Where should I take a visiting client to dinner in Sun Valley or Ketchum?

Most of the rooms that impress a client are split between the Sun Valley Resort and downtown Ketchum, a few minutes apart. The Ram and Trail Creek Cabin sit on the resort side and carry the historic Lodge name; Michel's Christiania, Vintage, The Covey and Enoteca are the polished Ketchum rooms. For a guest who wants an event rather than a meal, ride the gondola to the Roundhouse on Bald Mountain. Reserve directly so you can flag that you are hosting a client.

Which Sun Valley restaurant gives a client the best story?

The Roundhouse gives the best story. Perched at 7,700 feet on Bald Mountain and reached by gondola, the 1939 octagonal lodge serves a four-course prix fixe at around $125 a head, with forty-six windows over the valley.
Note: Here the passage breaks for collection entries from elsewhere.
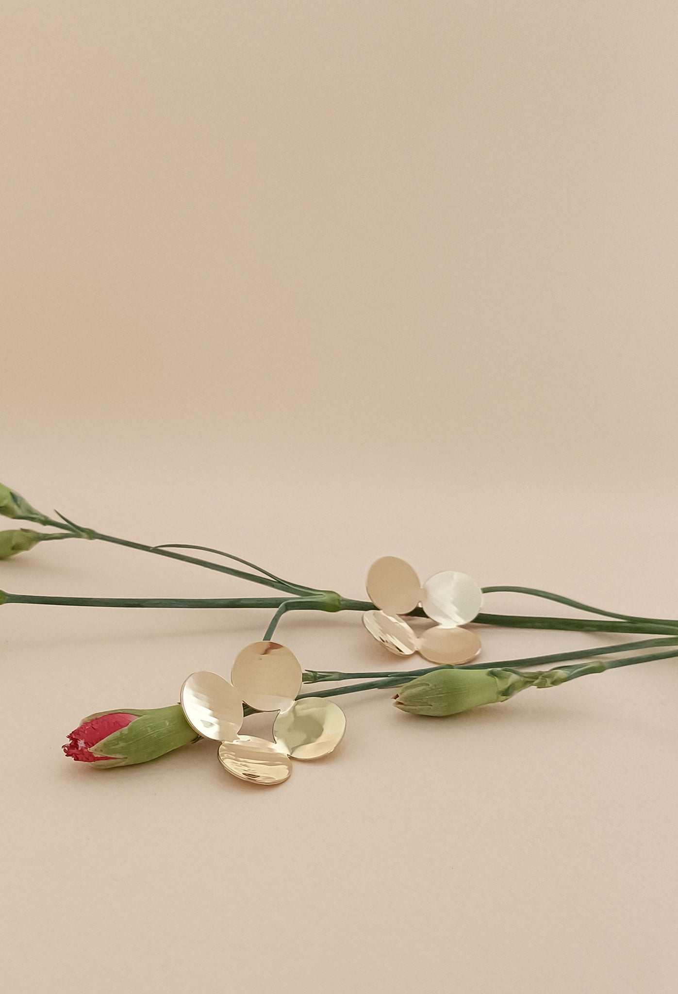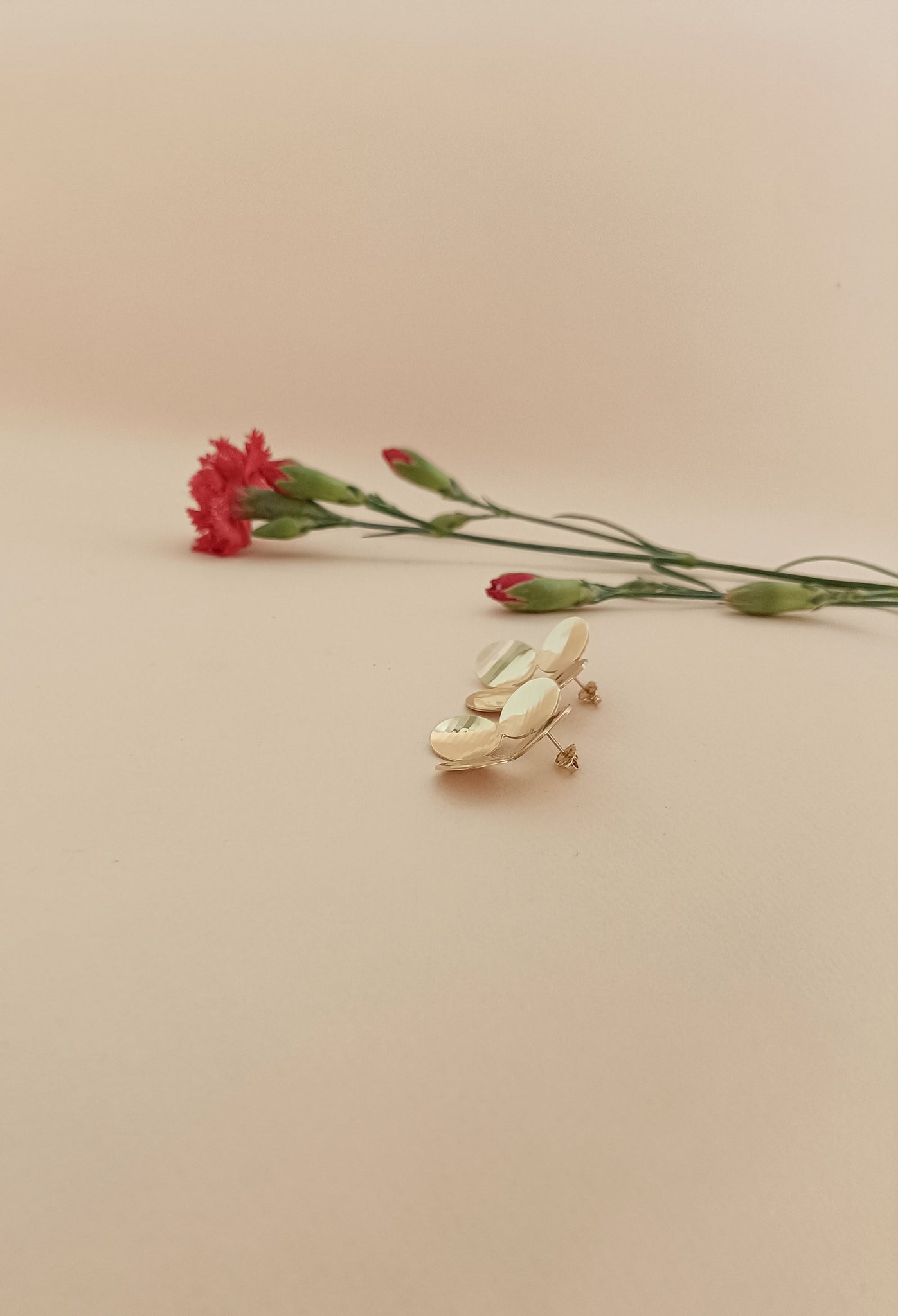 Les boucles Grandes Elli ont un look graphique et seventies, comme on adore ! La créatrice a travaillé cette pièce légèrement concave pour apporter du volume et de l'originalité.
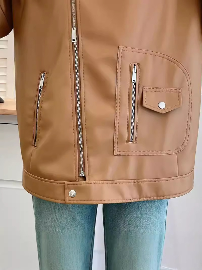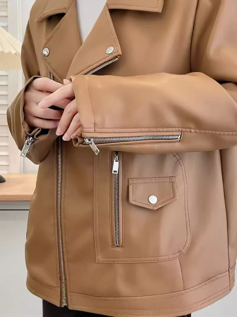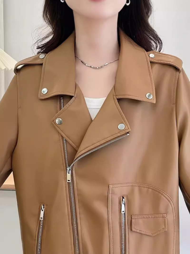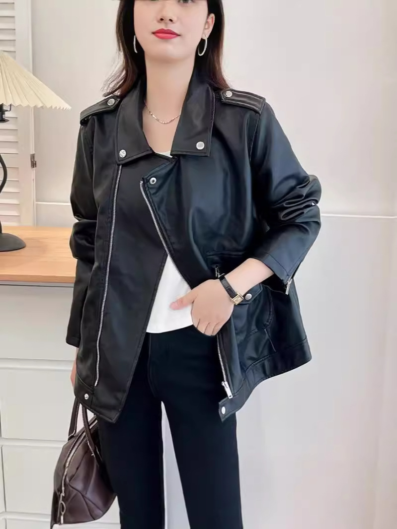 Кожаная куртка женский большой размер плеча 2024 осенью новый 200 кг толстый мм модный тонкий гонконгский ветер локомотив топ
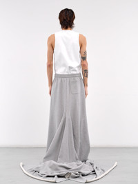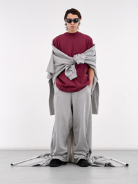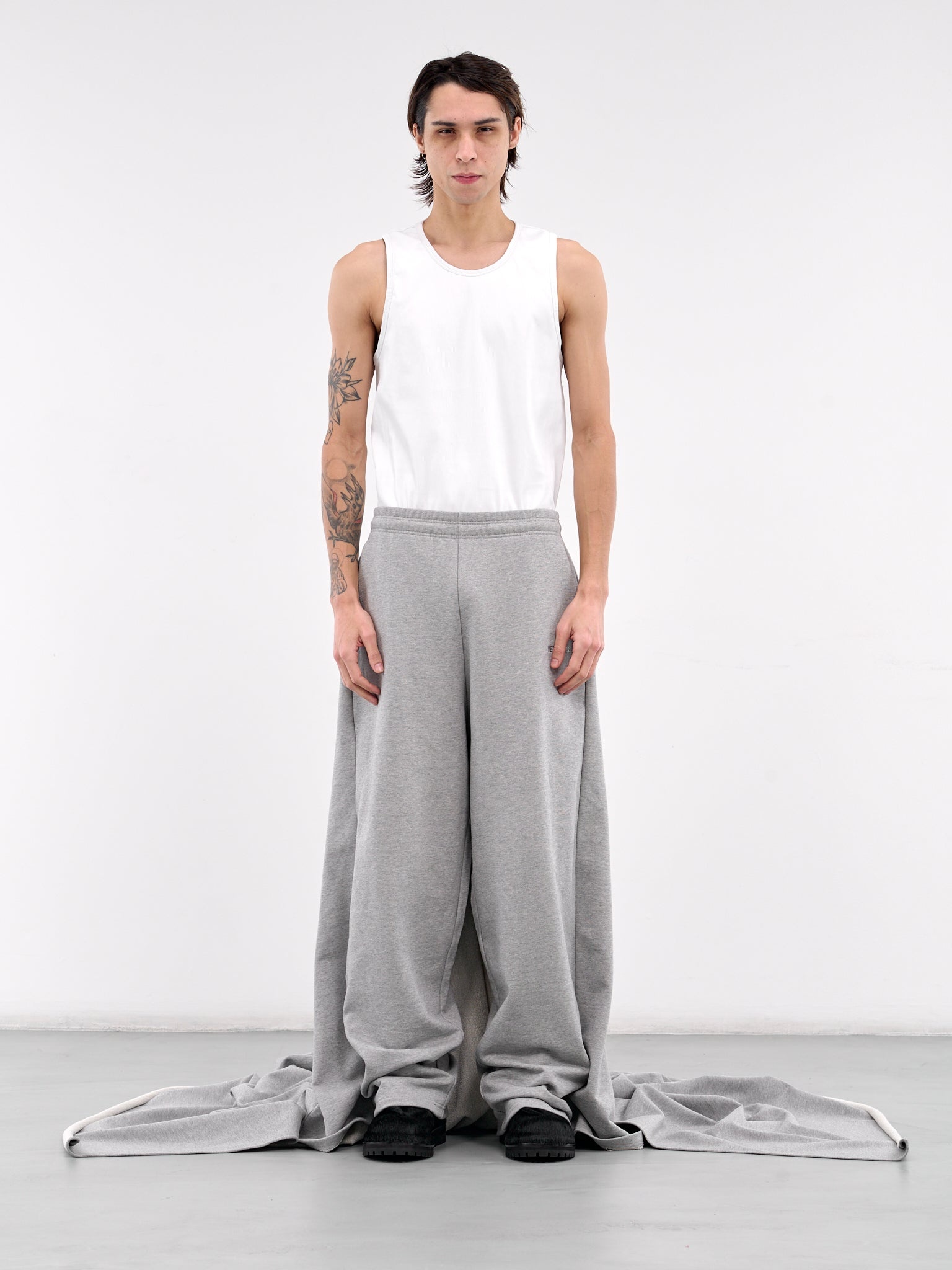 VETEMENTS joggers in grey, paneled cotton construction, elasticated waistband, inset pockets, back patch pocket & logo embroidery, side logo embroidery, back long train, wide leg, relaxed fit. Made in Portugal 80% Cotton 20% Polyester Standard Sizing Model is 6'1” and wears a size S. Shoulders: 17” Chest: 33” Waist: 30”

A visiting client rarely expects to ride a gondola to dinner, and the trip becomes the thing they describe back home. Book a Friday or Saturday, since dinner service runs only on weekend nights, and the reservation includes the gondola ride.

How much does it cost to impress a client in Sun Valley?

Plan on roughly $70 to $150 a head before wine at the top rooms. The Ram and Michel's Christiania run a la carte in that range, the Roundhouse is a four-course prix fixe at about $125, and Trail Creek Cabin's sleigh-ride dinner sits higher at around $289 in the holiday weeks. Wine moves the bill most, so set it with the floor in advance and settle the bill discreetly before the meal where you can.

Is Sun Valley a good place to take a client to dinner?

Yes, for a resort town it has a genuine spread of upscale rooms. The Sun Valley Lodge dining rooms and a cluster of established Ketchum restaurants, several open since the 1990s, give you a real choice of polished, conversation-friendly tables with serious wine. There is no Michelin guide in Idaho, so lead with the rooms that carry the strongest reputation and the best story, the Lodge name at The Ram or the gondola dinner at the Roundhouse, and reserve ahead in ski season.